= Rebecca Betensky =

American statistician

Rebecca A. Betensky is a professor of biostatistics and chair of the department of biostatistics at New York University's School of Global Public Health. Previously, she was a professor of biostatistics at the Harvard T.H. Chan School of Public Health, where she directed the biostatistics program for the Harvard Clinical and Translational Science Center. She was also a biostatistician for Massachusetts General Hospital, where she directed the biostatistics core of the Alzheimer’s Disease Research Center.

==Education and career==
Betensky studied mathematics as an undergraduate in Harvard College, graduating in 1987. She completed a doctorate in statistics at Stanford University in 1992. Her dissertation, supervised by David Siegmund, was A Study of Sequential Procedures for Comparing Three Treatments.

After postdoctoral studies at Stanford, she joined the faculty of Northwestern University in 1993. She returned to Harvard as a faculty member in 1994, recruited as part of a large National Institutes of Health-funded contract for Harvard to perform statistics for the AIDS Clinical Trials Group.
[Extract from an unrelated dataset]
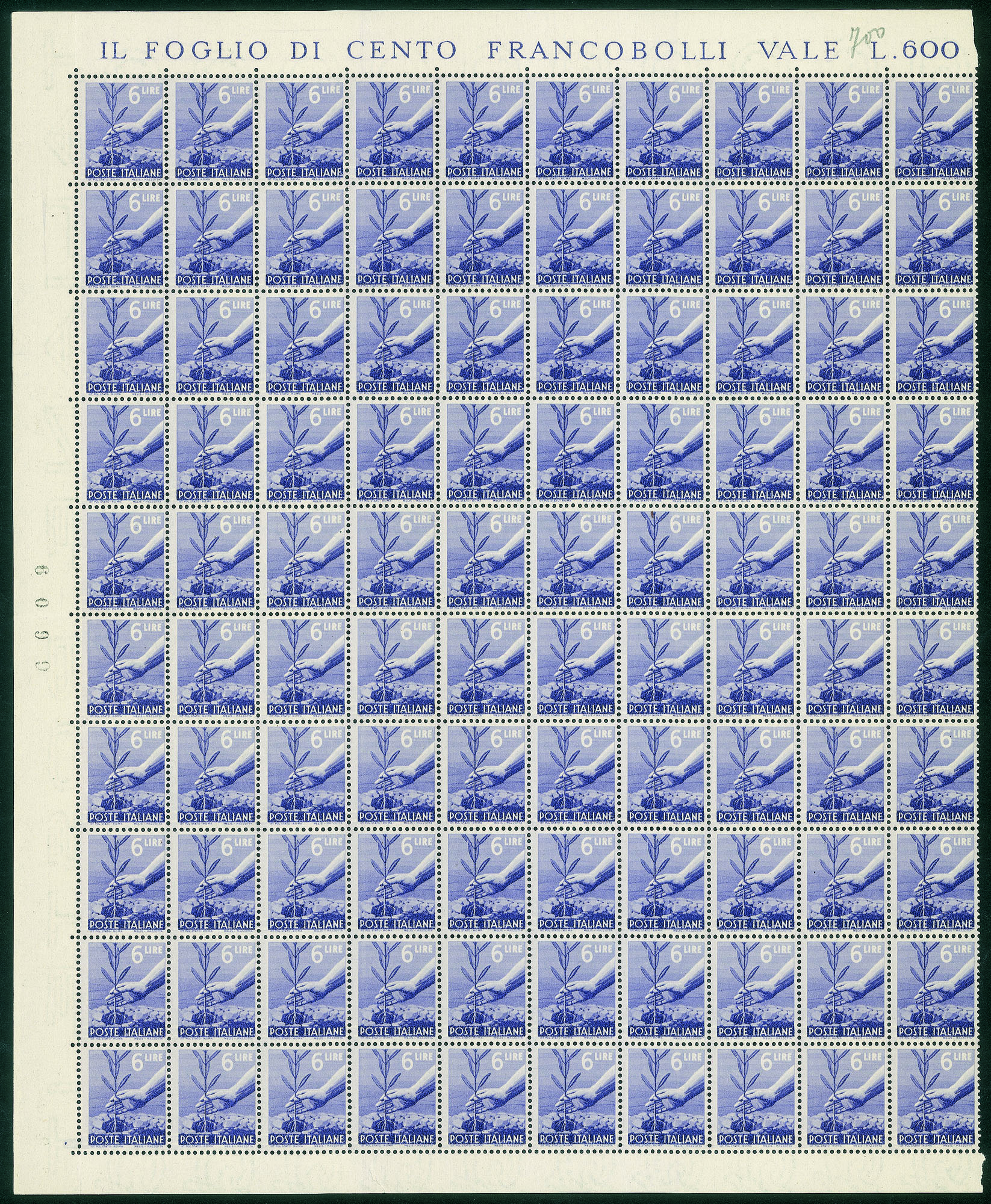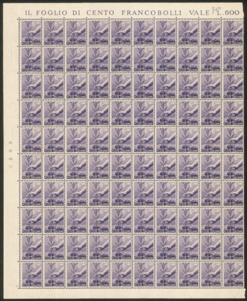 Italia - Repubblica - 1947/ - Intero foglio di 100 esemplari del 6 lire Democratica (556)

She became associated with Mass General in 2007.

In 2018, she joined the faculty of New York University's School of Global Public Health as professor and chair of the department of biostatistics.

==Awards and honors==
Betensky has been a fellow of the American Statistical Association since 2003, and an elected member of the International Statistical Institute since 2007. She won the Mortimer Spiegelman Award of the American Public Health Association in 2005. In 2023 Betensky was awarded Fellow of the American Association for the Advancement of Science.